** Records to use follows **

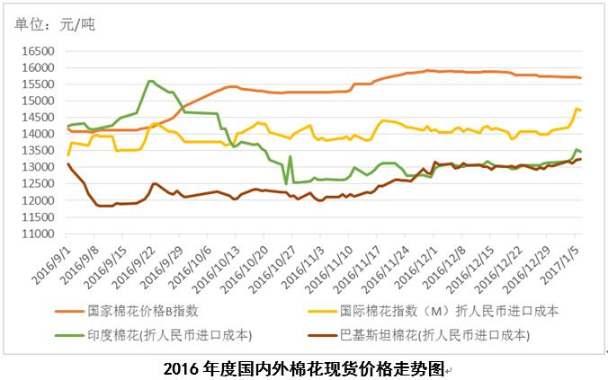 2016年12月23-29日,2016/17年度美棉出口凈簽約量為4.16萬噸,較前周減少47%,2016/17年度陸地棉裝運(yùn)量為5.72萬噸,較前周減少6%;美國《棉農(nóng)雜志》調(diào)查顯示,2017年美國意向植棉面積為1088.7萬英畝(6614萬畝),較USDA預(yù)測(cè)增長8%;印度棉花協(xié)會(huì)最新預(yù)測(cè)顯示,本年度印度棉花產(chǎn)量為586.5萬噸,同比增長2.07%,預(yù)計(jì)印度新棉供應(yīng)量將從1月份開始大量增加。
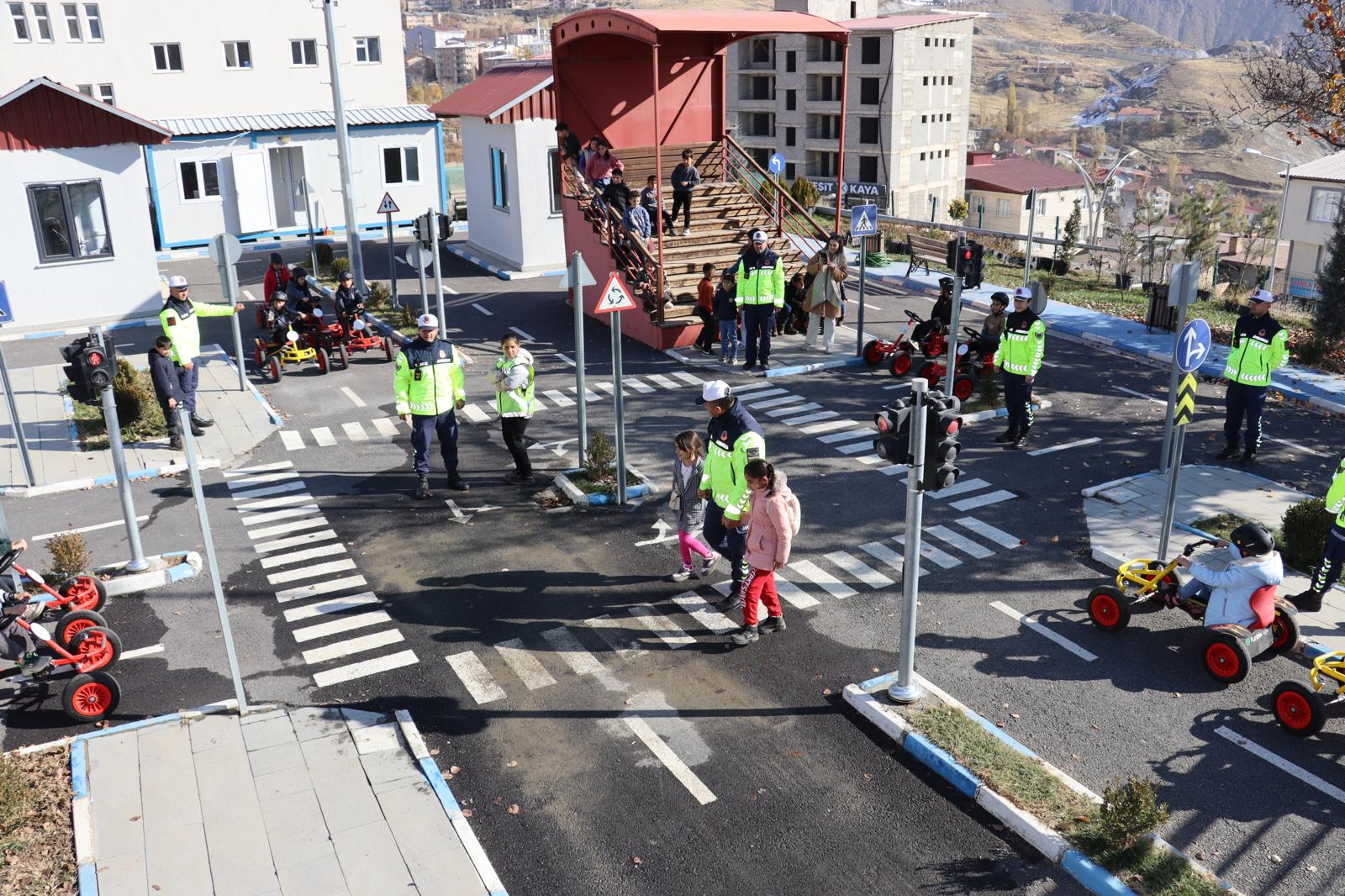 Bu kapsamda özel olarak hazırlanan trafik parkurunda bir araya gelen öğrenciler, hem eğlenerek trafik kurallarını öğrendi hem de öğrendiklerini deneyimleme fırsatı buldu.
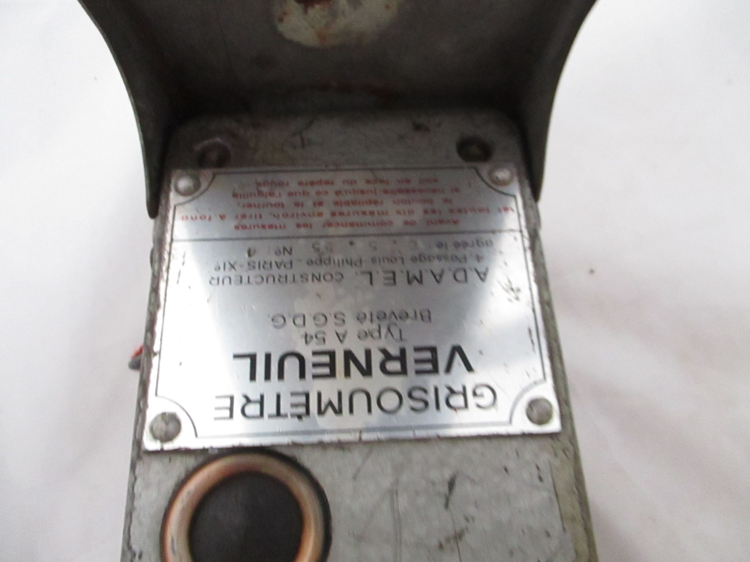 Grisoumètre rectangulaire avec un rabat protecteur et deux lanières en cuir.
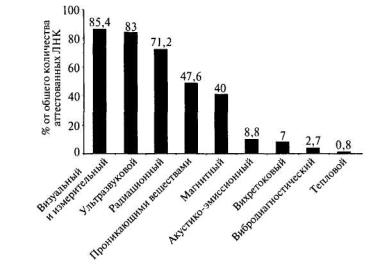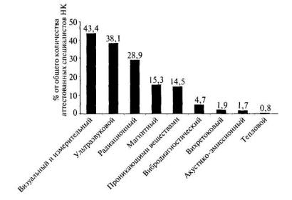 Рис. 5.5. Распределение аттестованных лабораторий (ЛНК) по видам (методам) неразрушающего контроля Работы по аттестации лабораторий стали еще более актуальными после введения Федерального закона от 08.08.01 № 128-ФЗ «О лицензировании отдельных видов деятельности», которым значительно уменьшен перечень лицензируемых видов деятельности, в том числе отменено лицензирование работ по проведению неразрушающего контроля при изготовлении, строительстве, ремонте (реконструкции), монтаже и эксплуатации технических устройств и сооружений на опасных производственных объектах. Аттестация лабораторий позволила унифицировать: во-первых, организационные формы лабораторий, их структуру, подчиненность, взаимоотношения с другими подразделениями и сторонними организациями, обеспечение принципов независимости при неразрушающем контроле как структурных подразделений, так и персонала в области неразрушающего контроля; во-вторых, документированные процедуры, которыми руководствуются лаборатории, включая: организационно-методические документы и документированные процедуры обеспечения качества при неразрушающем контроле; методические документы по неразрушающему контролю и технологические документы на объекты контроля, позволяющие осуществлять неразрушающий контроль и производить оценку качества технических устройств и сооружений видами (методами), включенными в область аттестации лаборатории; документацию по персоналу в области неразрушающего контроля -должностные инструкции и документы, подтверждающие квалификацию и аттестацию по типам технических устройств и сооружений видами (методами) неразрушающего контроля, включенными в область аттестации лабораторий, аттестацию на знание правил безопасности; ведение документооборота и архива лаборатории, наличие процедур проведения работ по неразрушающему контролю, включая оформление результатов контроля, выдачу заключений и их хранение, обеспечение конфиденциальности и охраны прав собственности; в-третьих, оснащенность техническими средствами контроля и их состояние - организацию учета, технического обслуживания, ремонта и метрологической аттестации (поверки), достаточность для организации контроля технических устройств и оборудования видами (методами) неразрушающего контроля, включенными в область аттестации лаборатории. Аттестация лабораторий позволяет комплексно оценить функционирование всех элементов аттестации в Системе неразрушающего контроля, так как при аттестации лабораторий проверяются правомерность и обоснованность применения, достаточность технических средств и методических документов и соответствие аттестации персонала в области неразрушающего контроля существующим требованиям. В Системе неразрушающего контроля ведутся реестры аккредитованных Независимых органов и аттестованных лабораторий и персонала в области неразрушающего контроля. Текущая информация о функционировании Системы неразрушающего контроля, а также информация о разрабатываемых нормативных документах, о формировании необходимых организационных структур размещается на web-сайте: www.safety. ru. Дальнейшим развитием Системы неразрушающего контроля стала разработка в соответствии с постановлением Правительства Российской Федерации от 28.03.01 № 241 «О мерах по обеспечению промыш
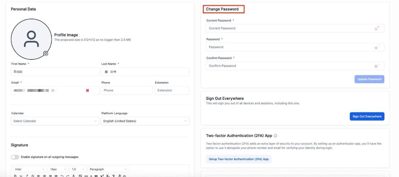 Section titled “Option 1 - Settings > My Profile ”If you don’t see the “My Staff” tab in your account settings, use the My Profile section to reset your password.
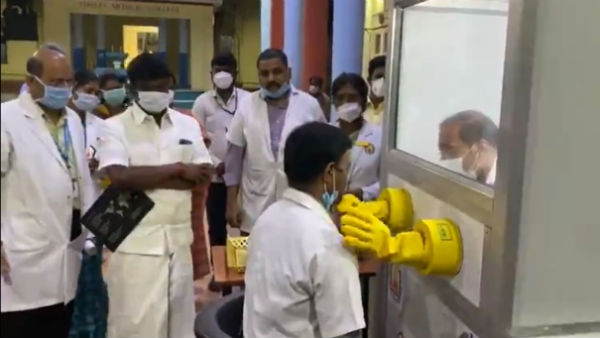 அந்த கவுன்ட்டருக்கு வெளியே ரத்த பரிசோதனைக்காக வந்த நோயாளி உட்கார்ந்திருப்பார். அந்த ஆய்வாளர் அந்த கவுன்ட்டரில் வைக்கப்பட்டுள்ள கையுறை இணைப்பில் கையை விட்டு ரத்தம் எடுப்பார். பின்னர் இந்த கை உறைகள் ஒவ்வொரு முறையும் சுத்தம் செய்யப்படும். இதன் மூலம் கொரோனா நோயாளியுடன் நெருங்கிய தொடர்பு இல்லாமல் இருக்கும். மிகவும் பாதுகாப்பாகவும் எளிதாகவும் ரத்தம் எடுக்கப்படும். இதை அமைச்சர் விஜயபாஸ்கர் ஆய்வு செய்தார்.

** End of Records to use **

**Task to complete**
Copy all the records above exactly, but leave out the pictures.

**Reply to the exercise**
 2016年12月23-29日,2016/17年度美棉出口凈簽約量為4.16萬噸,較前周減少47%,2016/17年度陸地棉裝運(yùn)量為5.72萬噸,較前周減少6%;美國《棉農(nóng)雜志》調(diào)查顯示,2017年美國意向植棉面積為1088.7萬英畝(6614萬畝),較USDA預(yù)測(cè)增長8%;印度棉花協(xié)會(huì)最新預(yù)測(cè)顯示,本年度印度棉花產(chǎn)量為586.5萬噸,同比增長2.07%,預(yù)計(jì)印度新棉供應(yīng)量將從1月份開始大量增加。
 Bu kapsamda özel olarak hazırlanan trafik parkurunda bir araya gelen öğrenciler, hem eğlenerek trafik kurallarını öğrendi hem de öğrendiklerini deneyimleme fırsatı buldu.
 Grisoumètre rectangulaire avec un rabat protecteur et deux lanières en cuir.
 Рис. 5.5. Распределение аттестованных лабораторий (ЛНК) по видам (методам) неразрушающего контроля Работы по аттестации лабораторий стали еще более актуальными после введения Федерального закона от 08.08.01 № 128-ФЗ «О лицензировании отдельных видов деятельности», которым значительно уменьшен перечень лицензируемых видов деятельности, в том числе отменено лицензирование работ по проведению неразрушающего контроля при изготовлении, строительстве, ремонте (реконструкции), монтаже и эксплуатации технических устройств и сооружений на опасных производственных объектах. Аттестация лабораторий позволила унифицировать: во-первых, организационные формы лабораторий, их структуру, подчиненность, взаимоотношения с другими подразделениями и сторонними организациями, обеспечение принципов независимости при неразрушающем контроле как структурных подразделений, так и персонала в области неразрушающего контроля; во-вторых, документированные процедуры, которыми руководствуются лаборатории, включая: организационно-методические документы и документированные процедуры обеспечения качества при неразрушающем контроле; методические документы по неразрушающему контролю и технологические документы на объекты контроля, позволяющие осуществлять неразрушающий контроль и производить оценку качества технических устройств и сооружений видами (методами), включенными в область аттестации лаборатории; документацию по персоналу в области неразрушающего контроля -должностные инструкции и документы, подтверждающие квалификацию и аттестацию по типам технических устройств и сооружений видами (методами) неразрушающего контроля, включенными в область аттестации лабораторий, аттестацию на знание правил безопасности; ведение документооборота и архива лаборатории, наличие процедур проведения работ по неразрушающему контролю, включая оформление результатов контроля, выдачу заключений и их хранение, обеспечение конфиденциальности и охраны прав собственности; в-третьих, оснащенность техническими средствами контроля и их состояние - организацию учета, технического обслуживания, ремонта и метрологической аттестации (поверки), достаточность для организации контроля технических устройств и оборудования видами (методами) неразрушающего контроля, включенными в область аттестации лаборатории. Аттестация лабораторий позволяет комплексно оценить функционирование всех элементов аттестации в Системе неразрушающего контроля, так как при аттестации лабораторий проверяются правомерность и обоснованность применения, достаточность технических средств и методических документов и соответствие аттестации персонала в области неразрушающего контроля существующим требованиям. В Системе неразрушающего контроля ведутся реестры аккредитованных Независимых органов и аттестованных лабораторий и персонала в области неразрушающего контроля. Текущая информация о функционировании Системы неразрушающего контроля, а также информация о разрабатываемых нормативных документах, о формировании необходимых организационных структур размещается на web-сайте: www.safety. ru. Дальнейшим развитием Системы неразрушающего контроля стала разработка в соответствии с постановлением Правительства Российской Федерации от 28.03.01 № 241 «О мерах по обеспечению промыш
 Section titled “Option 1 - Settings > My Profile ”If you don’t see the “My Staff” tab in your account settings, use the My Profile section to reset your password.
 அந்த கவுன்ட்டருக்கு வெளியே ரத்த பரிசோதனைக்காக வந்த நோயாளி உட்கார்ந்திருப்பார். அந்த ஆய்வாளர் அந்த கவுன்ட்டரில் வைக்கப்பட்டுள்ள கையுறை இணைப்பில் கையை விட்டு ரத்தம் எடுப்பார். பின்னர் இந்த கை உறைகள் ஒவ்வொரு முறையும் சுத்தம் செய்யப்படும். இதன் மூலம் கொரோனா நோயாளியுடன் நெருங்கிய தொடர்பு இல்லாமல் இருக்கும். மிகவும் பாதுகாப்பாகவும் எளிதாகவும் ரத்தம் எடுக்கப்படும். இதை அமைச்சர் விஜயபாஸ்கர் ஆய்வு செய்தார்.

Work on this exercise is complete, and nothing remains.